(INFORMATION SUPPLIED)

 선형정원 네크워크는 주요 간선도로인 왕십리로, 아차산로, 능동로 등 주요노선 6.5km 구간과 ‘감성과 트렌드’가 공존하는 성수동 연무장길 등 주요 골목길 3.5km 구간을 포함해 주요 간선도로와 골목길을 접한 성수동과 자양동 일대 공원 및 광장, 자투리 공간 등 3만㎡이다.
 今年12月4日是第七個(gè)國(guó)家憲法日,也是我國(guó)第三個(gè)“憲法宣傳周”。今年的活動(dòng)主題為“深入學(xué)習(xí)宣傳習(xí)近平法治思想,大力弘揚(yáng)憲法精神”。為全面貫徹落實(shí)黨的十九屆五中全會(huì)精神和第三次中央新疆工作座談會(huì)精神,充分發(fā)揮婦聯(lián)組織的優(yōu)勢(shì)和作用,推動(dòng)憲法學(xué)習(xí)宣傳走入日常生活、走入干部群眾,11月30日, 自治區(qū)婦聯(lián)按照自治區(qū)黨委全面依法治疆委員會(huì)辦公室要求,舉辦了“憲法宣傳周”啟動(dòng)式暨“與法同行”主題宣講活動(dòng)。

(End INFORMATION SUPPLIED)
(INFORMATION SUPPLIED)

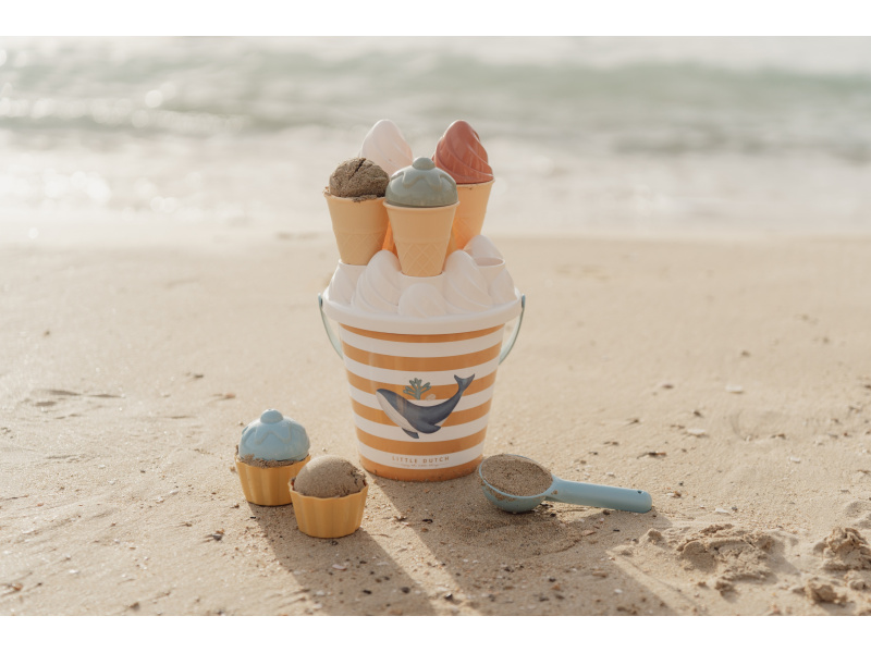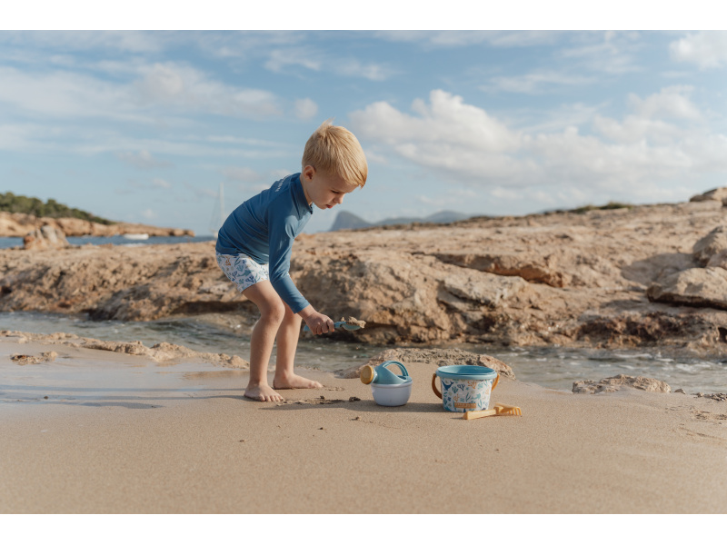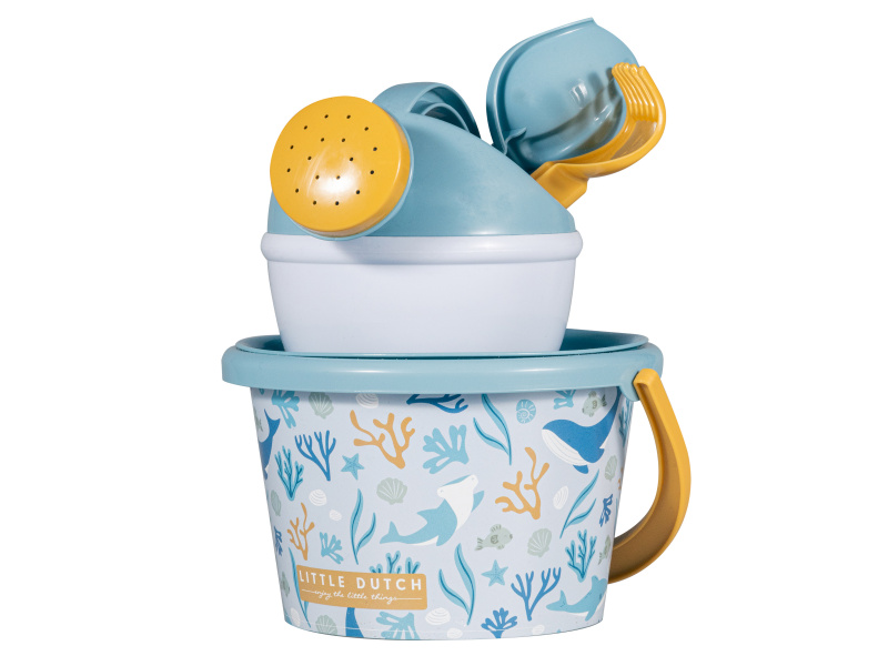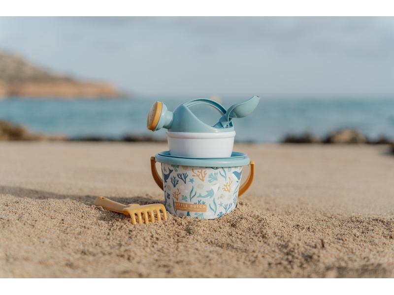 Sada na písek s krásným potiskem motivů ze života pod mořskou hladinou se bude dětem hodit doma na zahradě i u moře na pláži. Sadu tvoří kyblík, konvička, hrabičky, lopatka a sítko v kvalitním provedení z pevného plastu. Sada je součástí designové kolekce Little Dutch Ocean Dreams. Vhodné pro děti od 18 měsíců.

(End INFORMATION SUPPLIED)

Only the lines above starting with the one with "선형정원 네크워크는 주요" and going through the one with "今年12月4日是第七個(gè" are to be copied, word for word and with both ends kept.

 선형정원 네크워크는 주요 간선도로인 왕십리로, 아차산로, 능동로 등 주요노선 6.5km 구간과 ‘감성과 트렌드’가 공존하는 성수동 연무장길 등 주요 골목길 3.5km 구간을 포함해 주요 간선도로와 골목길을 접한 성수동과 자양동 일대 공원 및 광장, 자투리 공간 등 3만㎡이다.
 今年12月4日是第七個(gè)國(guó)家憲法日,也是我國(guó)第三個(gè)“憲法宣傳周”。今年的活動(dòng)主題為“深入學(xué)習(xí)宣傳習(xí)近平法治思想,大力弘揚(yáng)憲法精神”。為全面貫徹落實(shí)黨的十九屆五中全會(huì)精神和第三次中央新疆工作座談會(huì)精神,充分發(fā)揮婦聯(lián)組織的優(yōu)勢(shì)和作用,推動(dòng)憲法學(xué)習(xí)宣傳走入日常生活、走入干部群眾,11月30日, 自治區(qū)婦聯(lián)按照自治區(qū)黨委全面依法治疆委員會(huì)辦公室要求,舉辦了“憲法宣傳周”啟動(dòng)式暨“與法同行”主題宣講活動(dòng)。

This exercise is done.